Young people’s learning in digital worlds: the alienation and re-imagining of education
Being educated is a particular cultural narrative central to growing up in our societies whilst only a part of the learning that we do is explicitly valued and conceptualized as such. We tend to think of learning as an activity that takes place within schools. Yet a returning issue with these institutionalized forms of learning is its failure to grab young people’s interest. Simultaneously, these young people spend their time (and money) voluntarily on actively engaging with digital media. Though they might not call these experiences ‘learning’ themselves, these spaces allow young people to take control over their own learning, developing alternative forms of expertise, identity and, hence, learning. In result, ‘new’ narratives of how one can learn and what it means to be an ‘educated person’ could potentially arise in these digital communities.

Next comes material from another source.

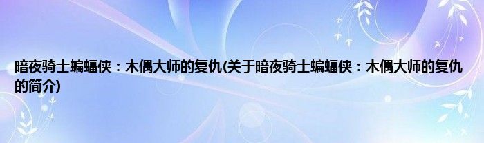本文关于暗夜骑士蝙蝠侠:木偶大师的复仇的简介就讲解完毕,希望对大家有所帮助。

How technology impacts young people’s perceptions and practices of becoming is an issue that is foregrounded in this project. Contrary to naïve perspectives in which digital media are seen as something neutral or functional, we consider how digital media might impact our perception of what it means to learn. To research the way in which learning is re-conceptualized in online communities, we will, through ethnographic research, attempt to capture young people’s own experiences as well as reflect on the workings of specific digital media platforms. This research project hence asks the question: how are young people through their engagement with online communities, re-imagining contemporary cultural narratives of learning?